Tuesday, 28 June 2016


NATAN ZABARE (December 27, 1908-February 19, 1975)
            He was born in Rogatshev (Rahachow), Volhynia, Ukraine.  He studied in religious elementary school.  During the years of the revolution, he moved to Kiev.  In the 1920s he was a government-supported student at the Institute for Jewish Culture in the Ukrainian Academy of Sciences in Kiev.  He began publishing in the late 1920s novellas in Soviet Jewish publications in Kiev, Kharkov, and Minsk.  His books include: Radyo-roman (Radio novel) (Kharkov-Kiev, 1932), 220 pp.; Khevre (The gang), children’s stories (Minsk, 1933), 21 pp.; Nilovke (Nilovke), a novel (Moscow, 1935), 109 pp.; Fun land tsu land (From country to country) (Kiev, 1938), 300 pp.; Mentshn un tsaytn, fartsaykhenungen (Men and times, notes) (Kiev: Ukrainian state publishers for national minorities, 1938), 22 pp.; Der foter, roman (The father, a novel) (Kiev: Ukrainian state publishers for national minorities, 1940), 518 pp.; Galgal hakhoyzer, roman (The revolving wheel, a novel) (Moscow: Sovetski pisatel, 1979), 469 pp.  He published a series of novels in Sovetish heymland (Soviet homeland): A poshete mame (A simple mother), 1967: 9, 10, 11; S’iz nokh groys der tog (The day is longer still), 1972: 9, 10; Unter der heyser zun fun provans (Under the hot sun of Provence), 1973: 9, 10; Inmitn heln batog (In the middle of a bright day), 1975: 1, 2, 3; 1977: 7.
            With the outbreak of the Nazi-Soviet war, he was mobilized and took part in battles.  After WWII he was with the Red Army in Germany and in contact with Jewish people in the British and American zones, rekindling his interest in things Jewish.  At a meeting of the Jewish writers section of the Soviet Ukrainian writers’ union in Kiev, Zabare spoke about a publication that confronted Soviet Yiddish literature: “To explain to the people about the wonderful, historical feat accomplished by the Soviet Army which liberated Europe from the fascist yoke.”  He added that this was “really the theme of my new book that I’m about to finish.”  He survived the years 1948-1952 during the extermination of Yiddish writers under Stalin, though he was arrested in 1950 and held in the gulag until 1956.  He returned to activity in Kiev after being released.  He died in Kiev with pen in hand.

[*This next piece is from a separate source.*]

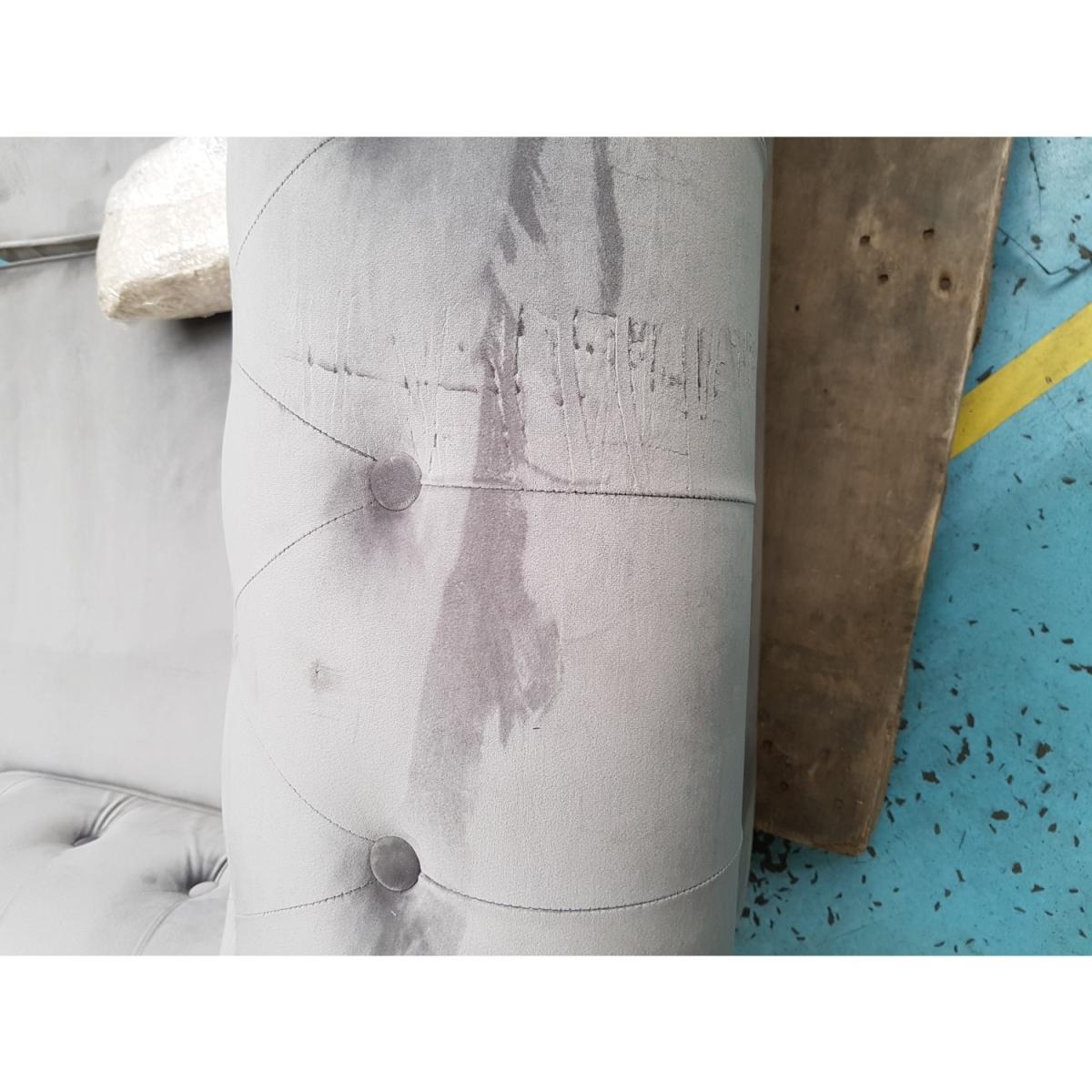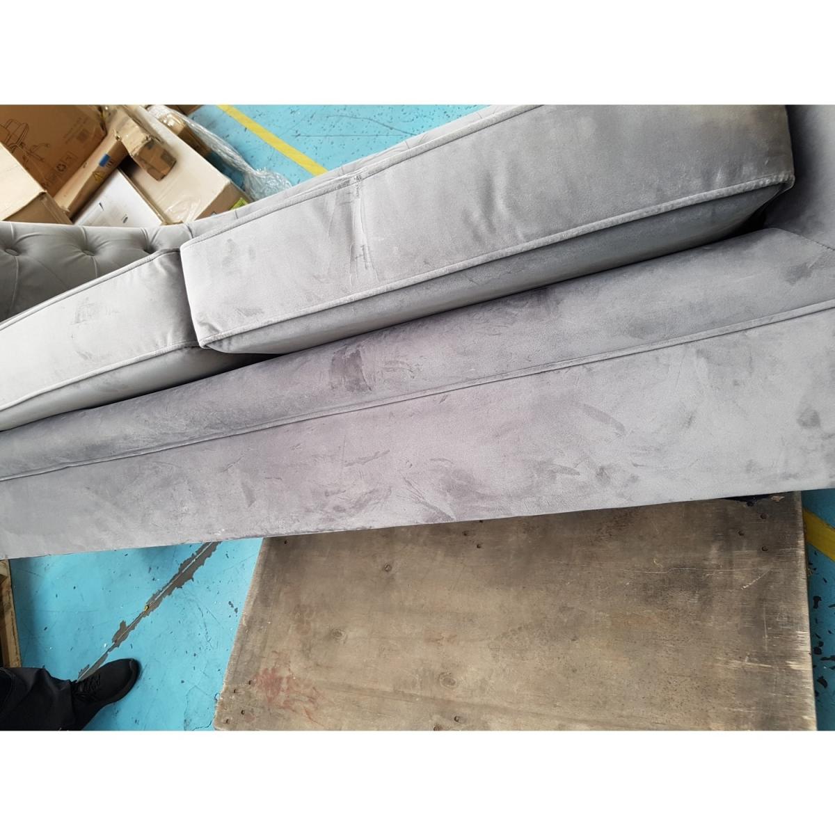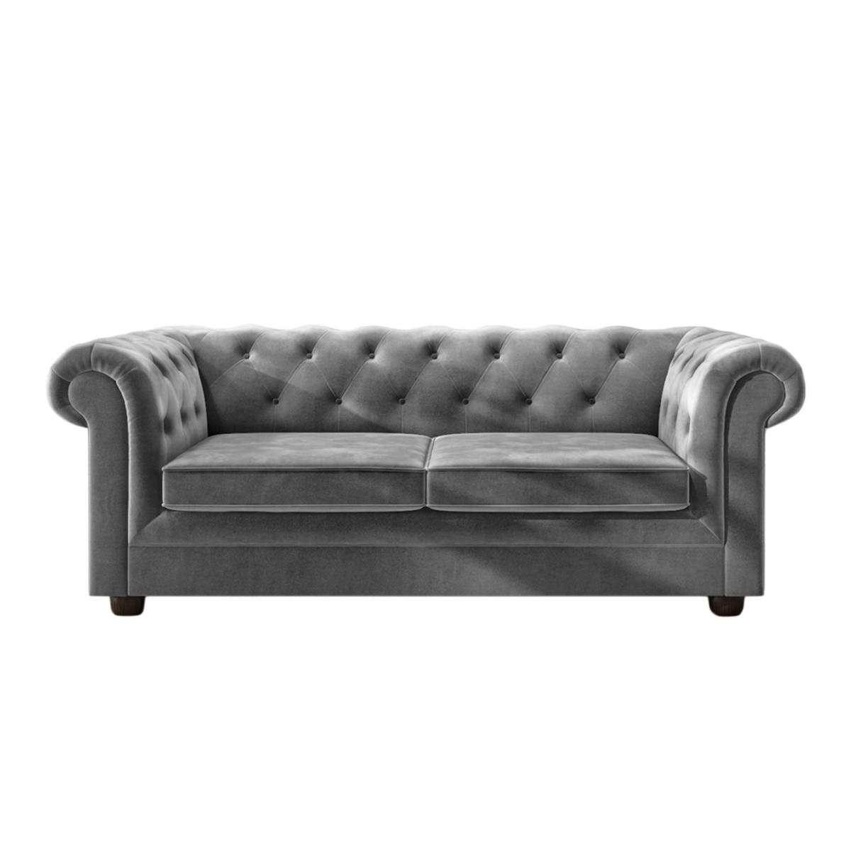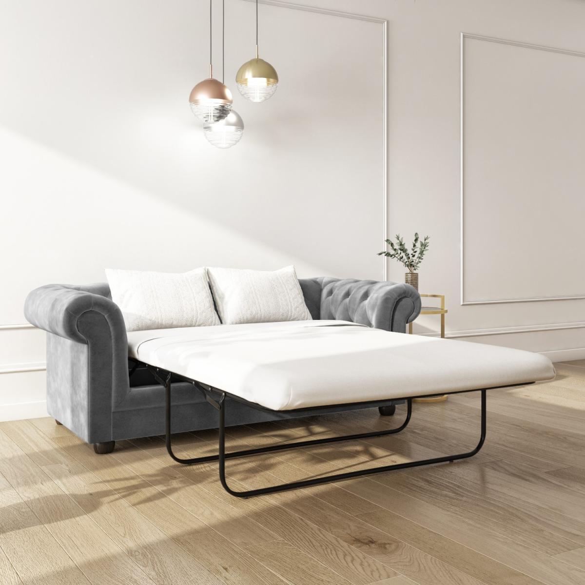 Chesterfield inspired sofa bed has a traditional feel Upholstered in luxuriously soft, grey velvet Stud buttoning and scrolled arms create a classic look Quick assembly – ideal for last-minute guests Mattress included: W 113cm x D180cm (6cm thick) Polished wooden feet round the look off perfectly Equally as perfect for spare bedrooms and multiuse rooms Need to know Seat height: 45cm Colour: Grey Finish: Velvet upholstery Material: Velvet fabric, Wooden sofa frame, Metal bed frame Assembly required: Yes

Sources: Kh. Lutsker, in Shtern (Kharkov) 280 (1935); M. May, in Sovetishe literatur (Kiev) (June 1939), p. 107; L. Brovarnik, in Sovetishe literatur (June 1939), p. 131; M. Dublyet, in Shtern (Minsk) (July 1939); A. Kushnirov, in Naye prese (Paris) (July 27, 1945); A. Emkin, in Eynikeyt (Moscow) (June 26, 1947); N. Mayzil, Dos yidishe shafn un der yidisher shrayber in sovetnfarband (Jewish creation and the Yiddish writer in the Soviet Union) (New York, 1959), see index.
Borekh Tshubinsk

[Additional information from: Berl Kagan, comp., Leksikon fun yidish-shraybers (Biographical dictionary of Yiddish writers) (New York, 1986), col. 253; and Chaim Beider, Leksikon fun yidishe shrayber in ratn-farband (Biographical dictionary of Yiddish writers in the Soviet Union), ed. Boris Sandler and Gennady Estraikh (New York: Congress for Jewish Culture, Inc., 2011), pp. 148-49.]